By Paul Gipe
The California Energy Commission now believes that wind energy is one of the least cost sources of new electricity generation. Other analysts agree. Wind energy is now becoming an important option for utilities throughout North America, Europe, India and elsewhere
Once ridiculed as a tax scam, wind energy has come of age as a commercial generating technology. In 1994 wind turbines worldwide produced 6.7 TWh (billion kWh) of wind-generated electricity. About half of that was produced in California's large wind power plants, most of the remainder from individual wind turbines and small clusters of machines in northern Europe. By the end of this year wind turbines will have cumulatively generated some 40 TWh in applications connected with the world's major electric utilities.
Though most well known in North America for the thousands of wind turbines lining three windswept mountain passes in California, wind energy is growing fastest in Europe. By the end of 1995 northern Europe will have surpassed California in total installed wind generating capacity and in the annual production of wind-generated electricity. Germany alone added as much new wind generating capacity last year as wind farm developers installed during the peak of the California "wind rush" during the mid-1980's. The wind industry's annual revenues exceeded $1 billion last year. More than half of that came from actual sales of wind-generated electricity.

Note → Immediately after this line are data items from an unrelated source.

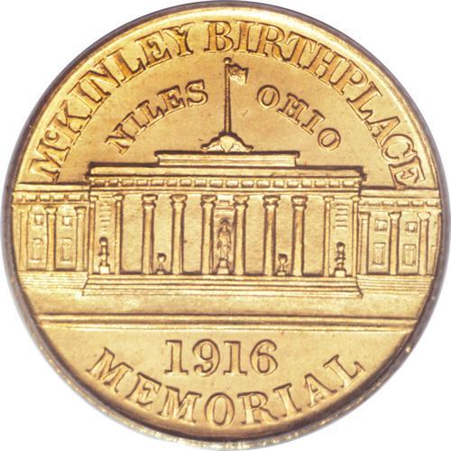 <B>1916 G$1 McKinley MS66 PCGS.</B></I> The smooth, lustrous surfaces are devoid of any noticeable abrasions. Both sides also show a subtle interplay of lilac and light reddish-gold color. The Greco-Roman memorial built to honor William McKinley is fully defined on the reverse, and the obverse is similarly well detailed. The 1916 is the more frequently encountered of the two years this design was produced.<BR><BR><b>Shipping:</b> Coins & Currency (<a target="_blank" href="http://www.heritageauctions.com/common/shipping.php">view shipping information</a>)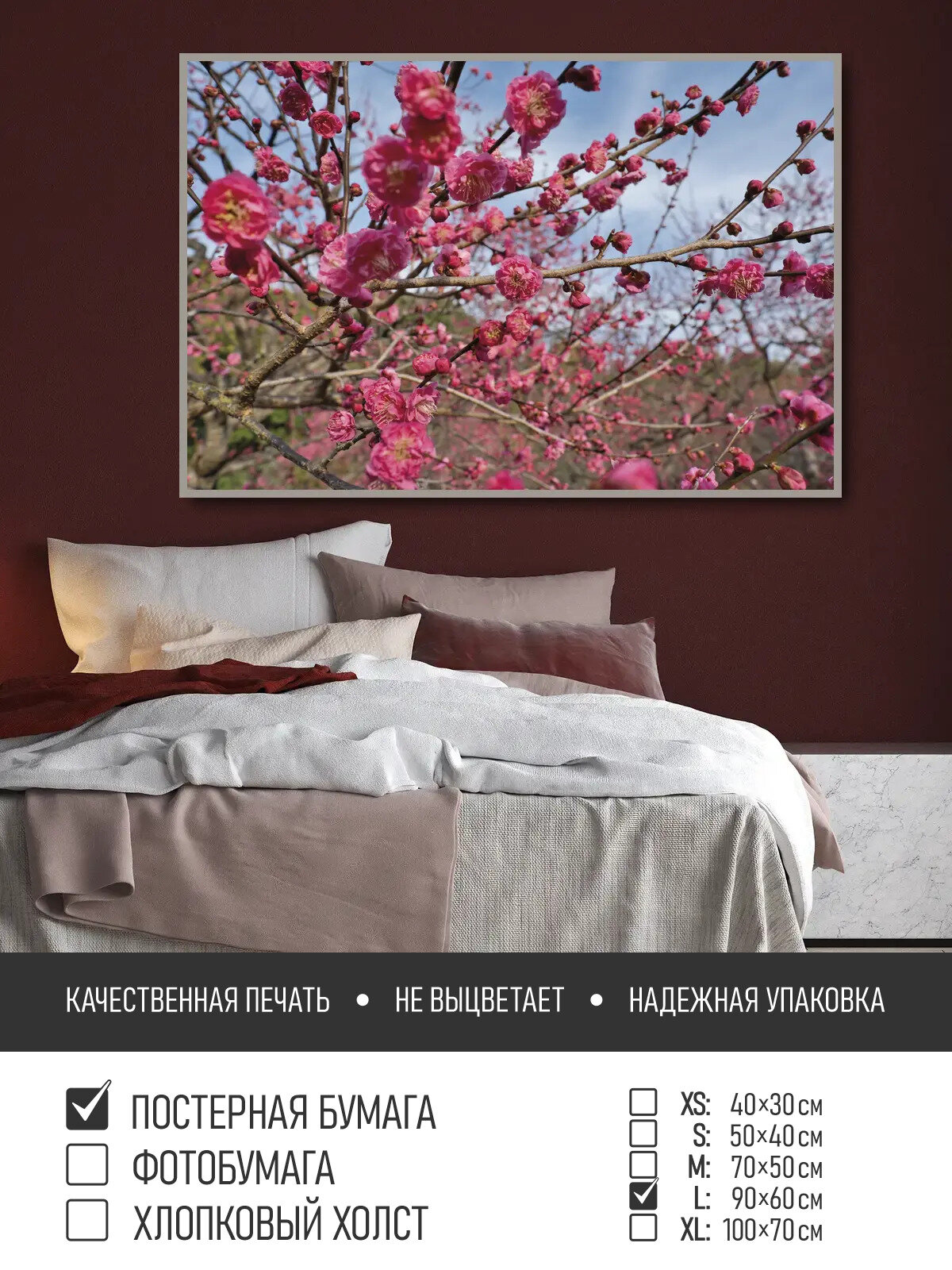 СохранитьПостер на стену Ветки цветущей сливы, 90х60 см ПолиЦентр, цифровая фотопечать интересное: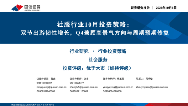 【国信证券】【202510】社服行业10月投资策略:双节出游韧性增长,Q4兼顾高景气方向与周期预期修复-23页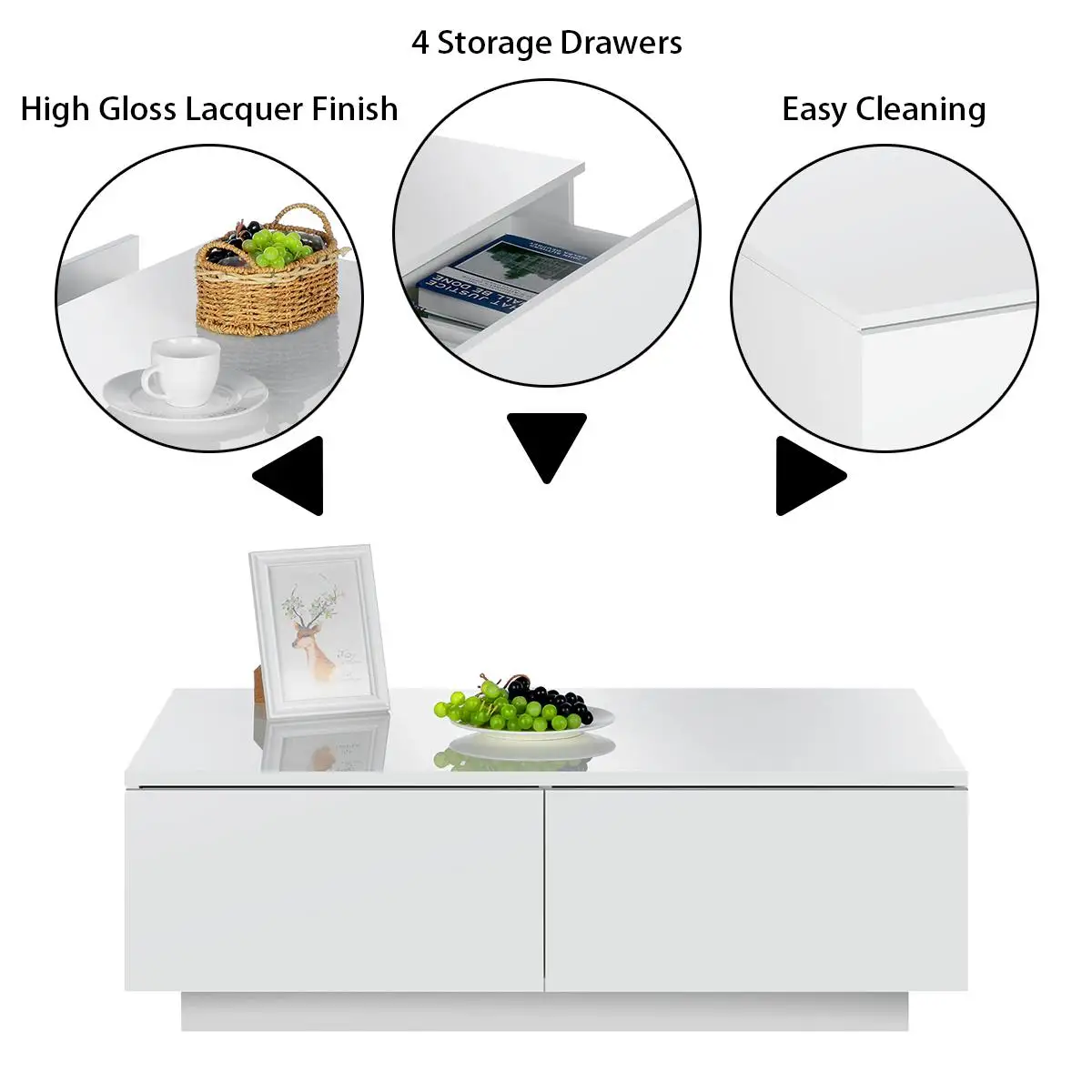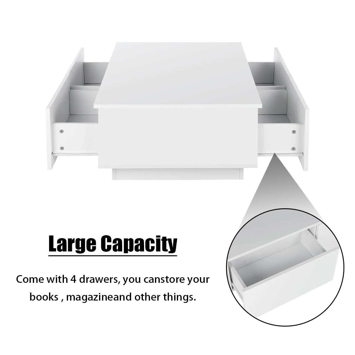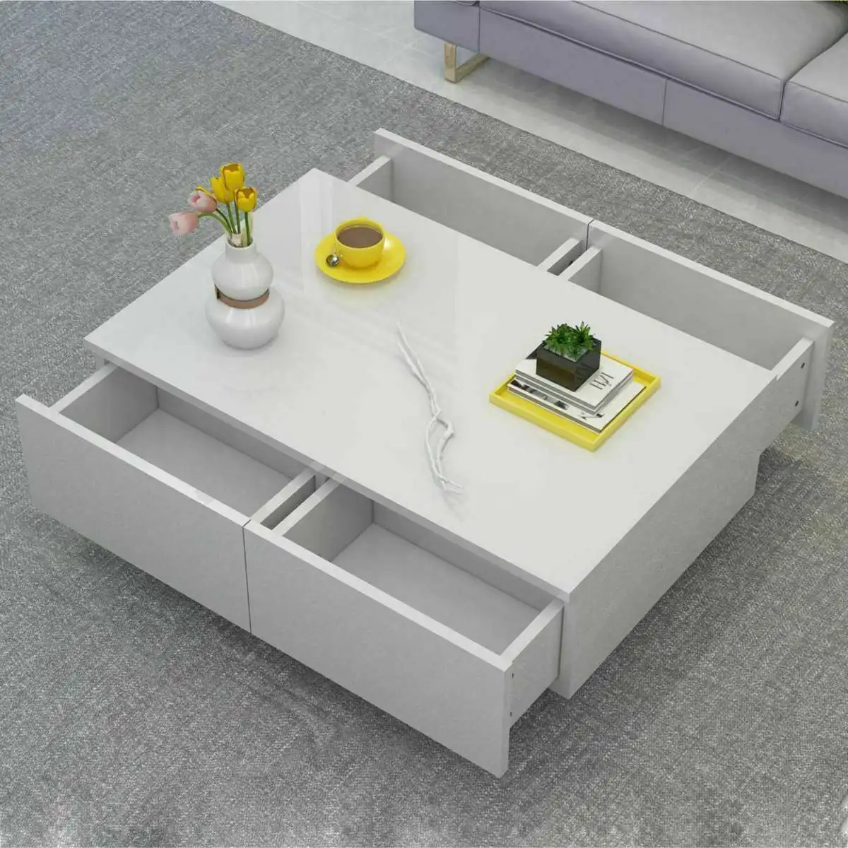 Особенности:[Изысканный дизайн]: Этот журнальный столик с 4 ящиками имеет ретро-дизайн с элегантными декоративными узорами и станет отличным дополнением к вашей гостиной.【Прочная конструкция 】: Благодаря высококачественному материалу МДФ и сильным ногам несущего стола, этот журнальный столик отличается прочностью и весом до 200 фунтов.【High Gloss】: законченный с высоким блеском, стол интегрирует элегантность с практичным использованием, его легко чистить и поддерживать в течение повседневной жизни.【 4 недостатка для хранения 】: легко вытянуть механизм, чтобы взять товар в или без усилий. И четыре ящика обеспечивают достаточно места, чтобы держать мелкие предметы организованными и в пределах досягаемости.【Широкое применение 】стол идеально подходит для размещения чайного или кофейного набора или демонстрации декоративных предметов, таких как фоторамки и горшечные растения. Сборка действительно проста.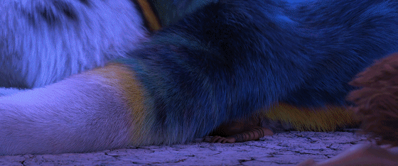 除了各有特点的人类角色,片中的稀奇古怪的史前动物也是令人目不暇接。一半野猫一半金刚鹦鹉血统的死亡大猫在上一部里没少给咕噜一家添乱,到了这一部里,则完全成了懂事听话的坐骑。盖用作腰带的树懒还是继续走甜宠路线;铁拳猴则是更显威武,它们特有的沟通方式让人拍案叫绝;由狼和蜘蛛混血而成的狼蛛乍看之下有点凶狠,但卖起萌来就跟哈士奇别无二致。其他如猪鳄、哞哞蛾、袋鼠穿山甲、公鸡海豹、独角鲸象等等异兽,都让人不由佩服主创团队强大的想象力。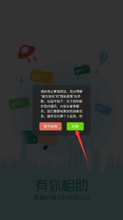 1、打开应用后仔细阅读服务协议和隐私政策,确认后点击同意按钮进入应用。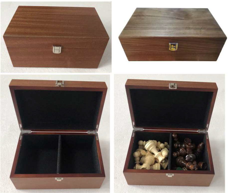 📦 Boîte en bois pour pièces d’échecs – Mahogany & Noyer (25 x 15 x 11 cm)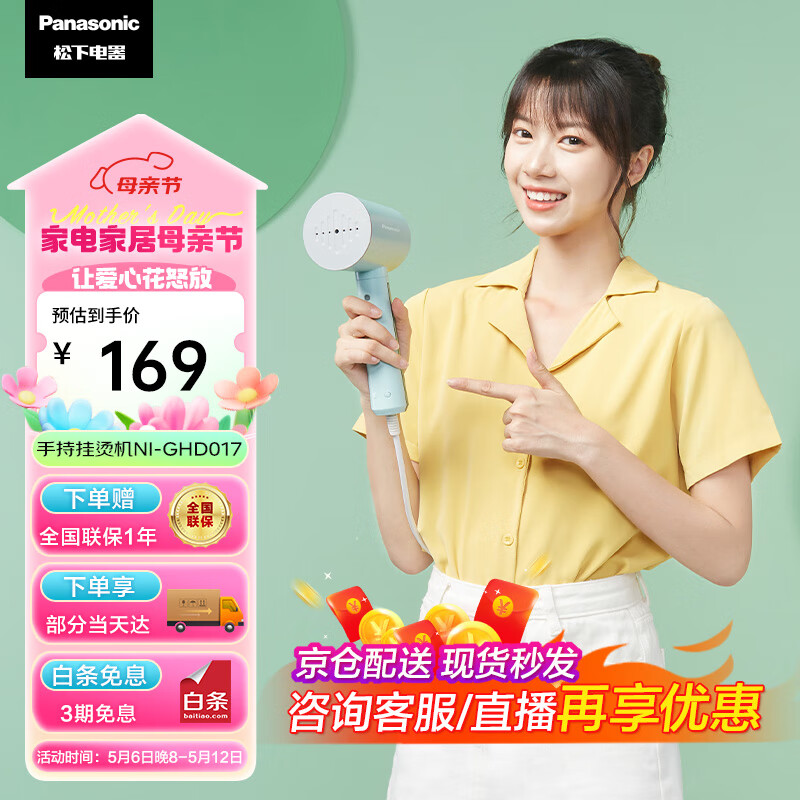 松下(Panasonic)挂烫机家用 熨斗 蒸汽挂烫机 便携 手持挂烫机 电熨斗 NI-GHD017 绿色价格:169.00元!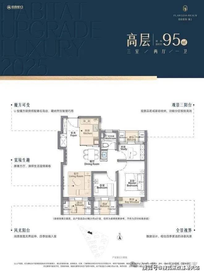 再加上南向大面宽短进深、全卧飘窗、L型转角阳台设计,哪怕小户型95㎡3房,尺度感都超棒,采光和视野更是一流。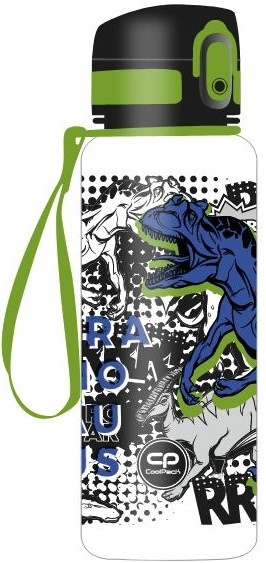 Dzeramā pudele COOLPACK Brisk T-Rex, 400 ml. Pudelei ir ērts aizslēgs, atverama ar pogu. Droši materiāli saskarei ar pārtiku. Tilpums: 400 ml. Izmēri: 8x8x19 cm.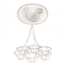 Szafeczka na jajka w kolorze bieli z brązowymi elementami i uroczą dekoracją w kształcie serduszka.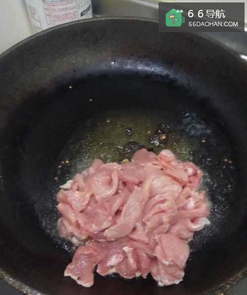 4辣椒爆香后,放入切好的猪肉,然后翻炒变色。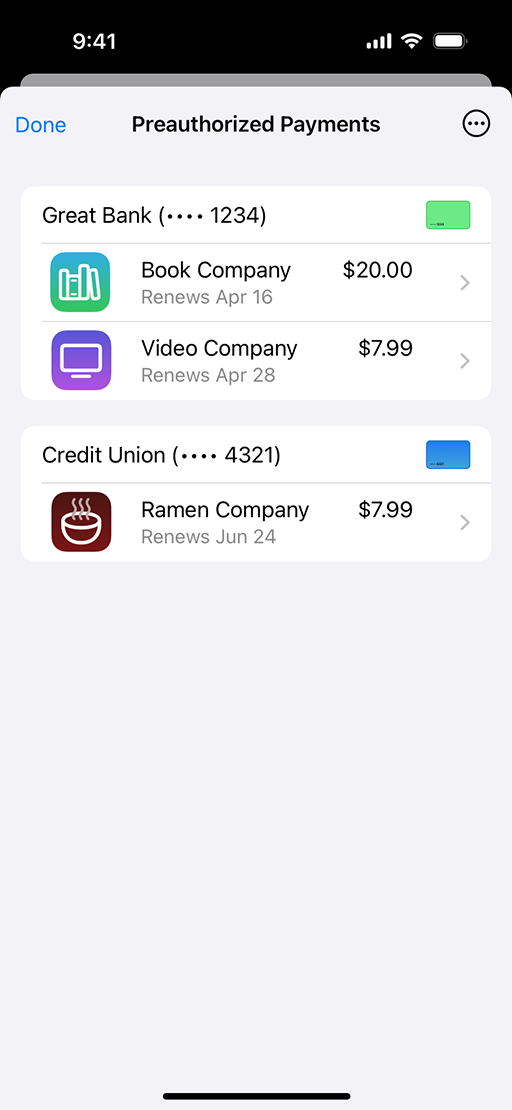 지갑 앱의 완전히 새로워진 ‘사전 승인된 결제’ 섹션에서는 Apple Pay를 통해 승인된 반복 청구 내역을 더 명확하게 확인할 수 있습니다.1 이제 사용자는 구독, 자동 충전, 할부 대출 상환, 반복 청구, 예약 결제를 보다 효과적으로 추적하여 지속적인 재무 활동을 더 정확하게 파악할 수 있습니다. 또한 ‘사전 승인된 결제’를 통해 사용자는 가맹점 또는 발급사에 대한 반복 청구 내역을 보다 효과적으로 관리할 수 있으며, 필요한 경우 지갑에서 결제 승인을 취소할 수 있습니다.

Steady, progressive development of the technology has occurred in the past decade. Wind turbines are now ten times the size of those installed in the early 1980's. These machines, many with rotors 40 meters (131 feet) in diameter generate electricity far more cost effectively and reliably than their predecessors. It costs no more to operate and maintain today's 500 kW wind turbines than it did yesterday's 50 kW machines. This spreads running costs over proportionally more kilowatt-hours, lowering the overall cost of electricity.